I'm trained in pure maths and physics. I'm a UK citizen, worked with people in physics from Oxford, Cambridge, Yale.

Answer 81

wait a sec... it asked for the speed as the ball approached the max height.. if the max height is when y' is 0 then ill end up with dy/dt is 0 and dx/dt is 5.08?

Answer 82

that is freaking awesome.

Answer 83

:)

Answer 84

that makes me wonder, how many teens have you worked with that your first answer is "torture" to math :P

Answer 85

and i need help with this one: on what intervals is the speed increasing and decreasing? (i dont want to use an analysis -.- )

Answer 86

lol, I've worked with people of all ages and abilities. All I care about is the attitude.

Answer 87

You don't want to use an analysis?
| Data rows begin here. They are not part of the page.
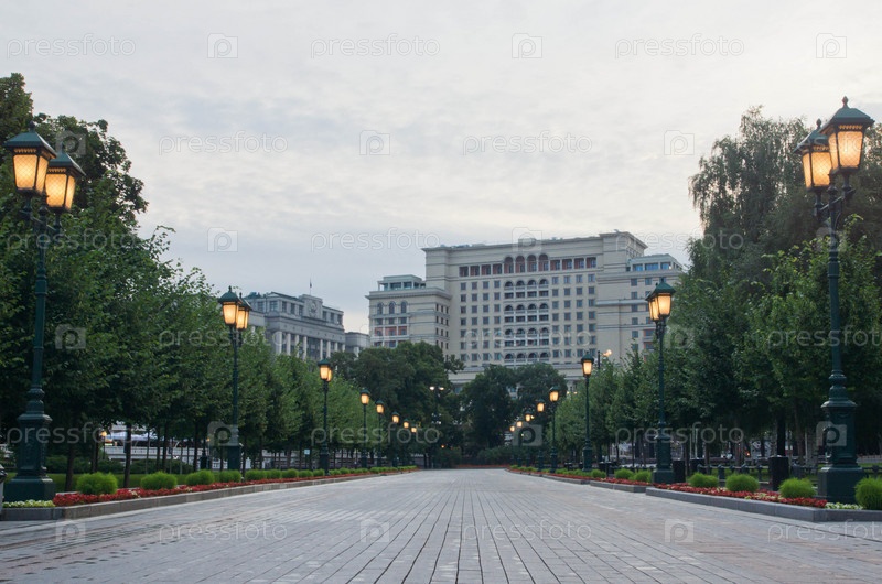 Аллея в городском парке утром
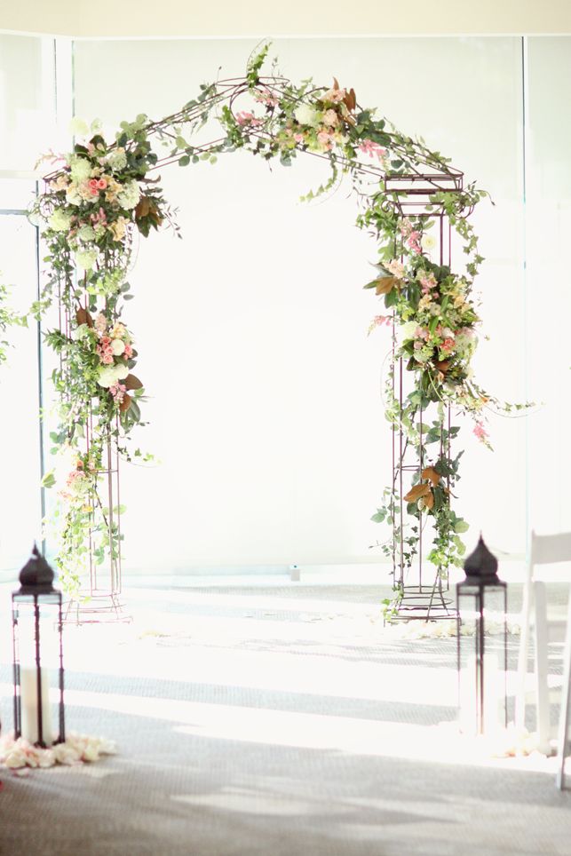 Use a simple, dark arch that rises to a dramatic point; leave the lines clean and unadorned. Hang an enormous floral kissing ball in pale white or pink from the apex.
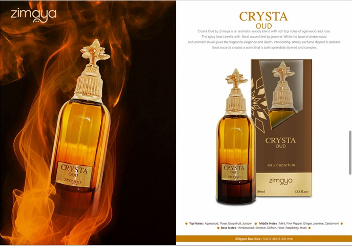 Crysta Oud - مزيج خشبي عطري مع مكونات عليا غنية من خشب العود والورد. يتضخم القلب الحار مع اتفاق الأزهار الذي يقرضه الياسمين. بينما تمنح قاعدة خشب العنبر والمسك الحيواني العطر الأناقة والعمق. يخلق العطر المسكر المدخن المغموس في الأزهار الرقيقة رائحة ذات طبقات رائعة ومعقدة.
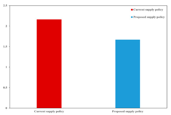 The results shown in Figure 6 represent the level of energy security evaluated in terms of diversification. A lower value means a higher level of energy security. By applying the current supply policy in Korea, the natural gas security index is shown to be 2.16. The result derived from the optimal portfolio is 1.67. These results indicate that the optimal portfolio has improved the energy security.
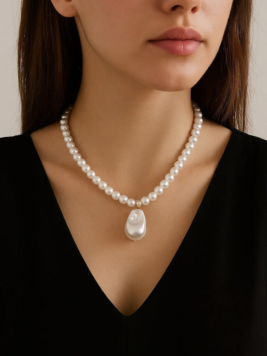 Collana di perle bianche in acrilico, pendente barocco, acciaio inossidabile, catena regolabile, modello Katy
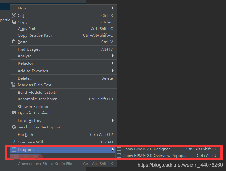 1.xml右键发现没有Diagrams(红框里的内容)2.解决办法点击File =>> Settings =>> Plugins =>> 启用JBOSS jBPM
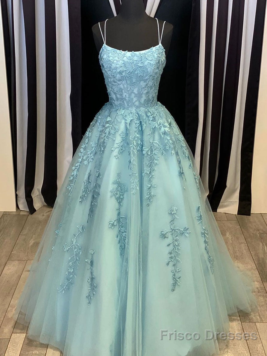 Blue Tulle Lace Long Prom Dress Blue Tulle Lace Evening Dress
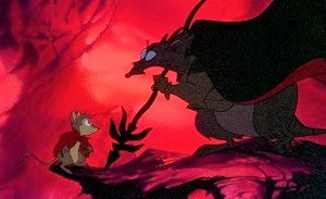Mrs Brisby had lost her husband, after all, and all the way through Bluth and his team piled on imagery that, while not explicitly Gothic, was often close to horror movie visuals. That the ultimate enemy proved to be NIMH itself was particularly ironic as those were initials that stood for The National Institute for Mental Health which we learn in flashback have been conducting vivisection on animals which were set free by Jonathan, more evidence that this project had an uncertain grasp on what was wholly suitable for a young audience. To add to the woes, Mrs Brisby's house will soon be destroyed by the tractor at the nearby farm for it is harvest time, and she must persuade the local rats, who were given increased intelligence by the experimentation, to help her or it is strongly implied all of her children will die. This weight of the world was reminiscent of the fifties classic Night of the Hunter in tone, a curious choice in a work full of them.
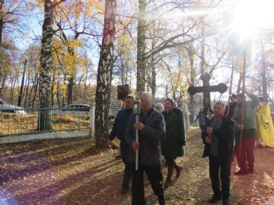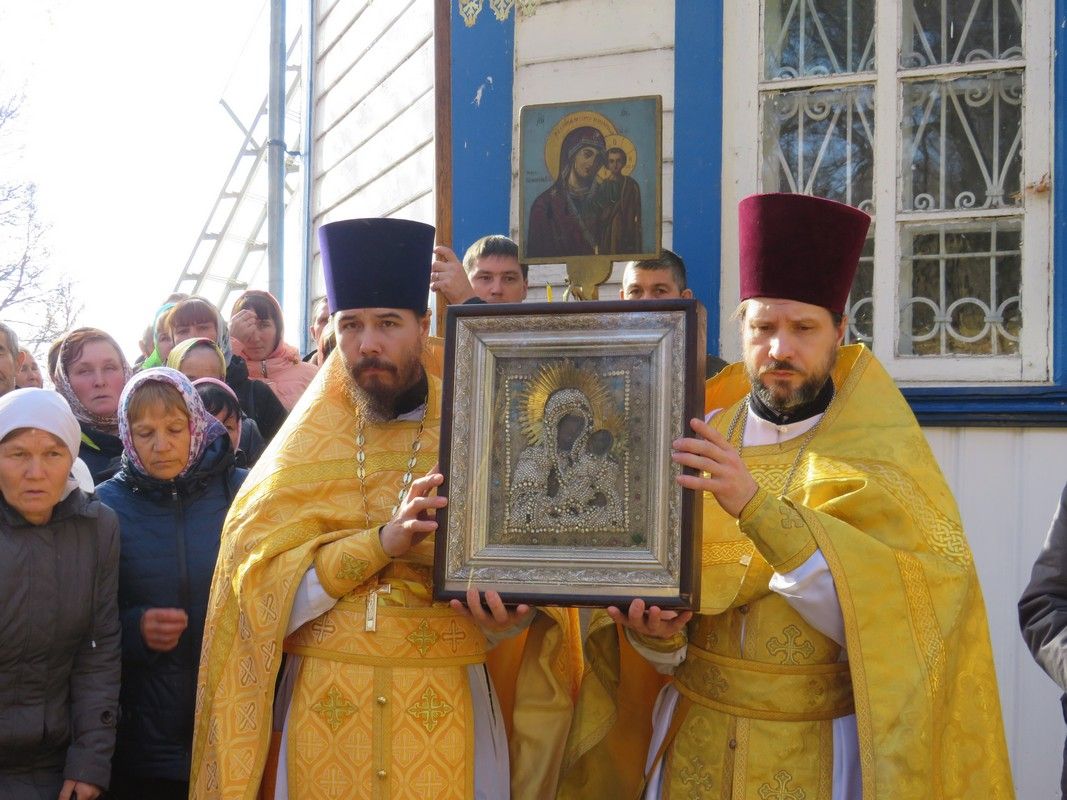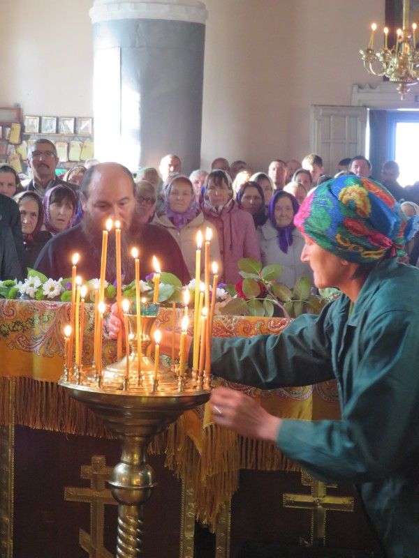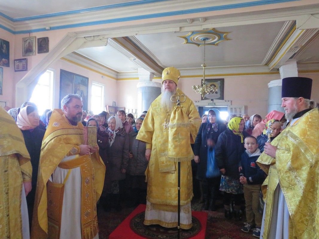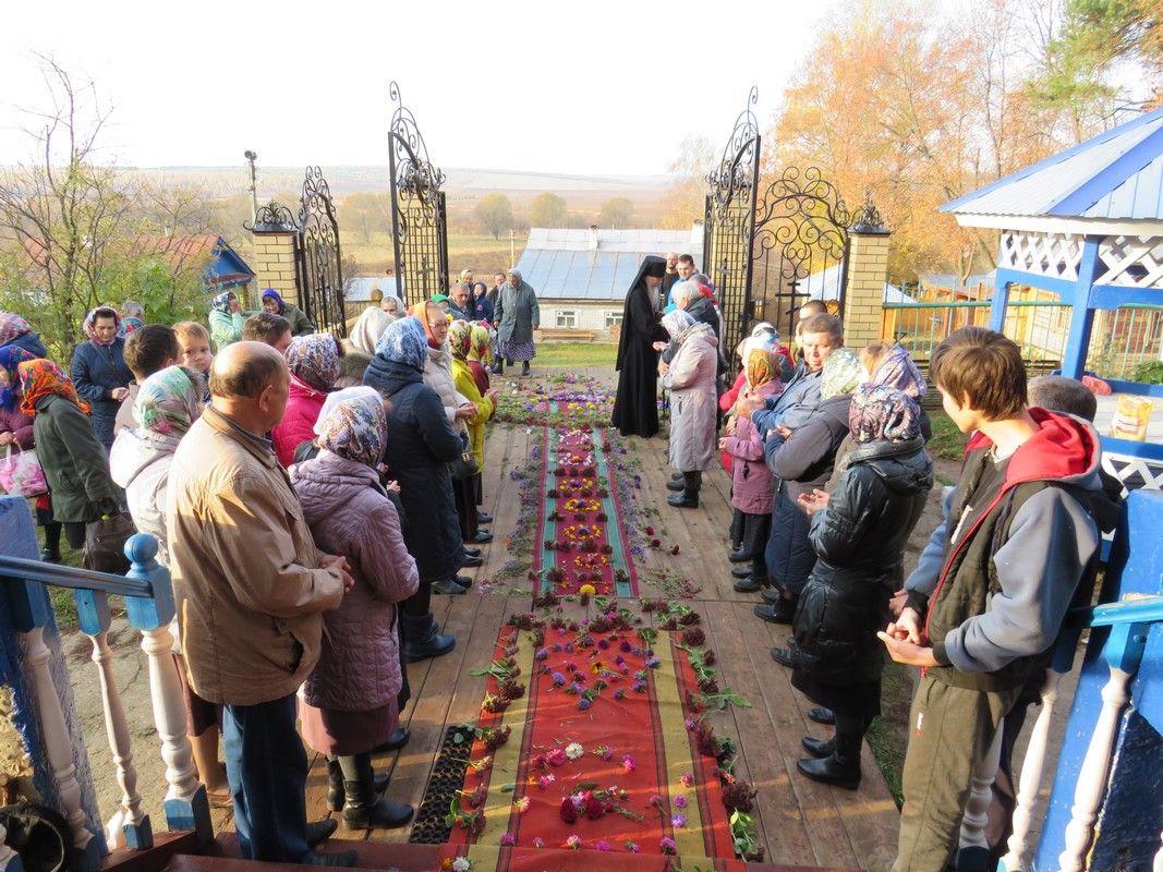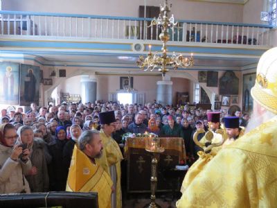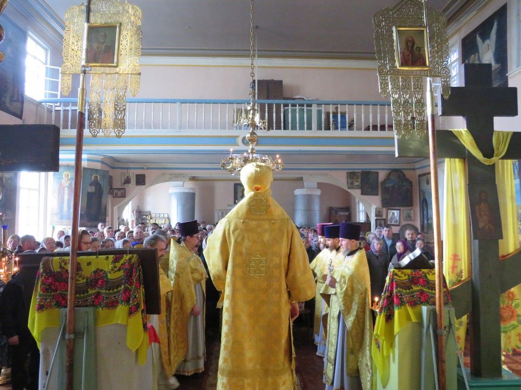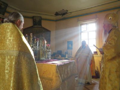Епископ Феофан совершил здесь Божественную литургию, а также молебен с крестным ходом вокруг храма. Его Преосвященству сослужили: благочинный Волжского церковного округа, настоятель храма святителя Гурия села Петъял протоиерей Виталий Михеев, настоятель храма Богоявления Господня протоиерей Леонтий Очетов, настоятель храма Пресвятой Троицы села Помары иерей Сергий Петров, настоятель храма Пресвятой Троицы иерей Игорь Сапаев, клирики Никольского кафедрального собора города Волжска иерей Алексий Скрябин, иерей Сергий Першаков, диакон Иоанн Захаров.
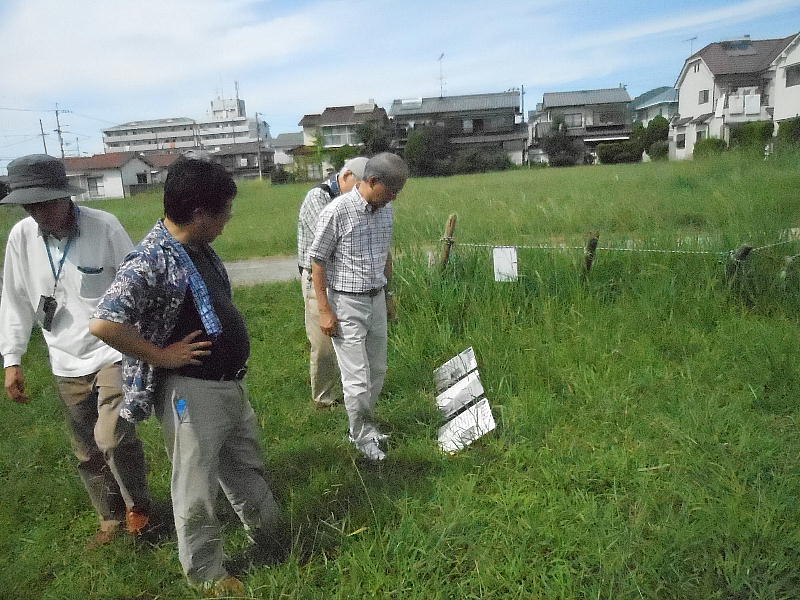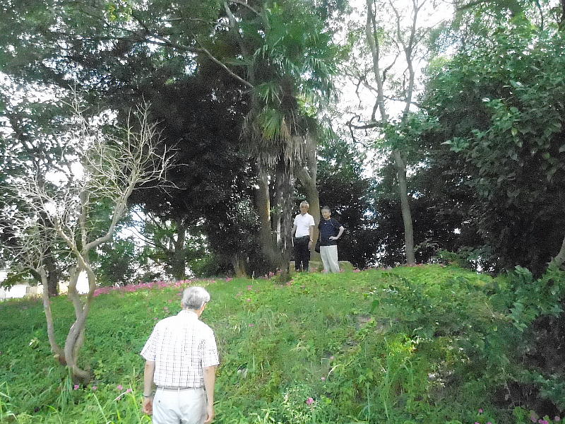 にやら看板らしきものが立っている。間違いない。廻りをよく見ると、考古館のお姉ちゃんが教えてくれたようになって
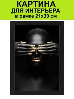 Картина в рамке 21х30 см Девушка с золотом негритянка Африка
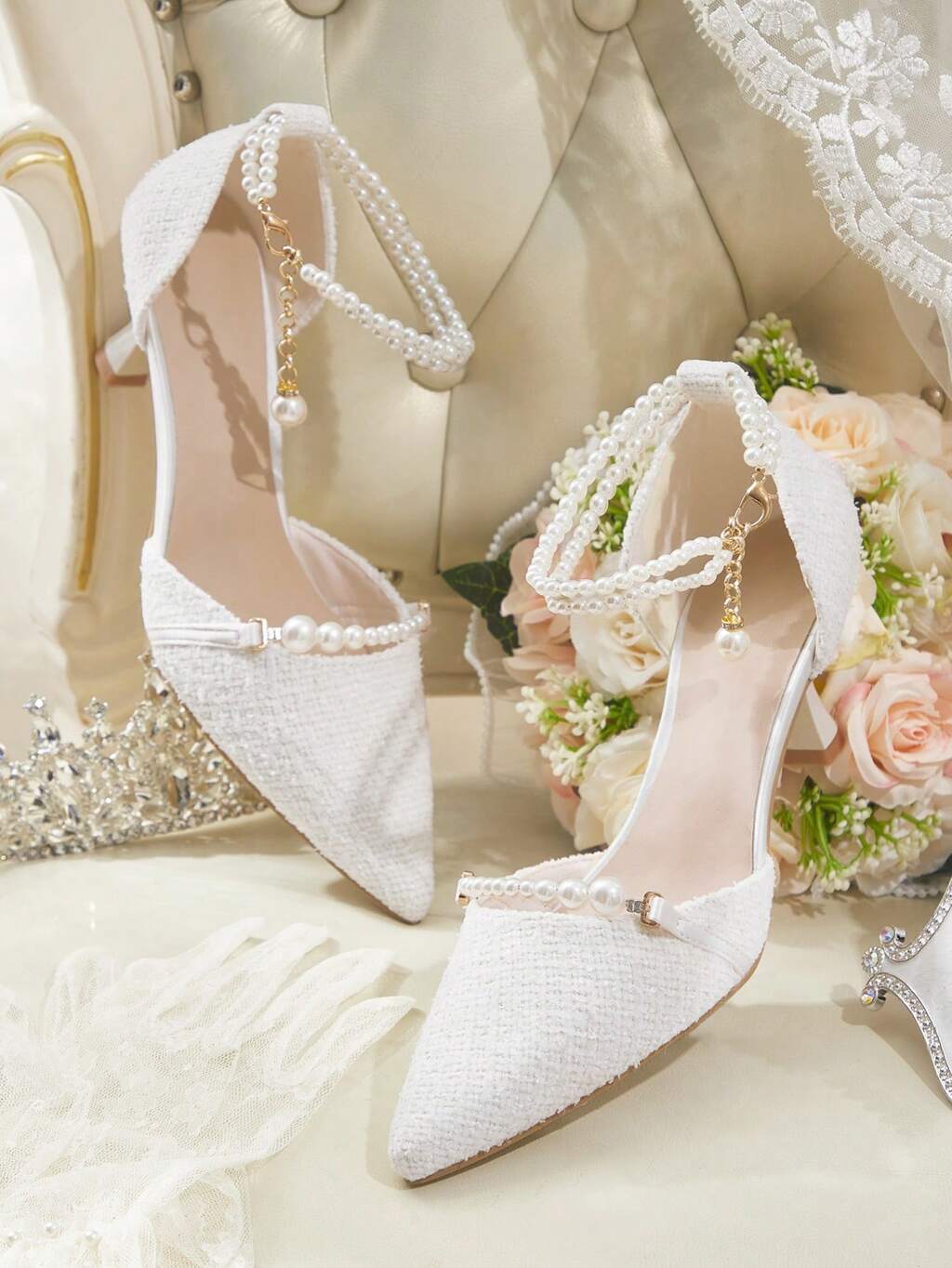 CUCCOO BIZCHIC Women Shoes Women's Pointed Thick Medium Heel White Mirror Ankle Strap Hollow Women's High Heel Shoes Stylish And Comfortable Commuters Business Versatile Women's Hollow Shoes Spring Shoes
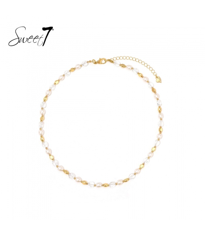 Wat maakt deze halsketting zo bijzonder? Dat is de mix van parels en transparante kralen die zacht glanzen. Deze halsketting voelt licht en elegant. Perfect als parel ketting of gouden halsketting voor een subtiele, vrouwelijke uitstraling.
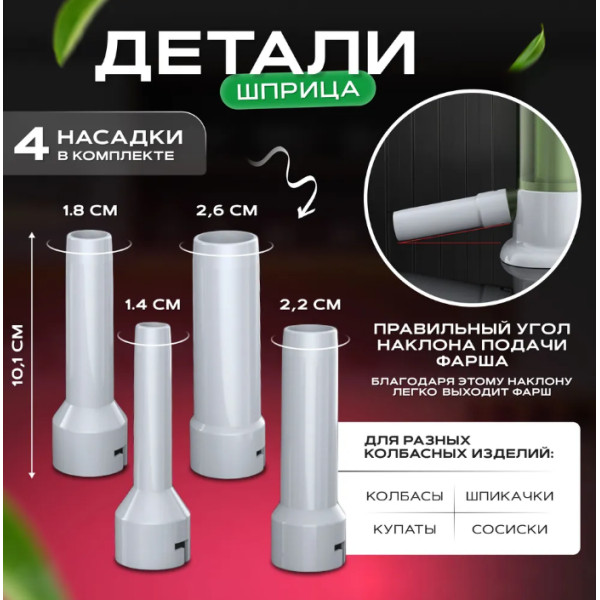 Сменные насадки: Шприц поставляется с набором различных насадок, что позволяет использовать его для различных видов оболочек. Это дает возможность готовить колбасы разного диаметра и формы, удовлетворяя любые вкусовые предпочтения.

What do you mean?

Answer 88

logic says that its decreasing till the max height and increasing therein after

Answer 89

i dont want to use any derivative analysiss

Answer 90

oh

Answer 91

that makes no sense, my calculations say that it had a speed of approx, 3 when i let go... 8 when it hit the ground, and 5.08 at the max height

Answer 92

One sec...

Answer 93

oh i see my mistake... omg this is pathetically horrible ><

Answer 94

i got 7 this time :DDD

Answer 95

the speed should be fastest when it hits the ground, right?

Answer 96

Well, you could find the maximum height by understanding that the vertical component of velocity must be zero there...so \[\frac{dy}{dt}=0\]should give you the time, which you can use to find the height, y.

I know you said no calculus, but I figured you already had y'(t).

Answer 97

Sorry, I think I've answered a question you didn't ask.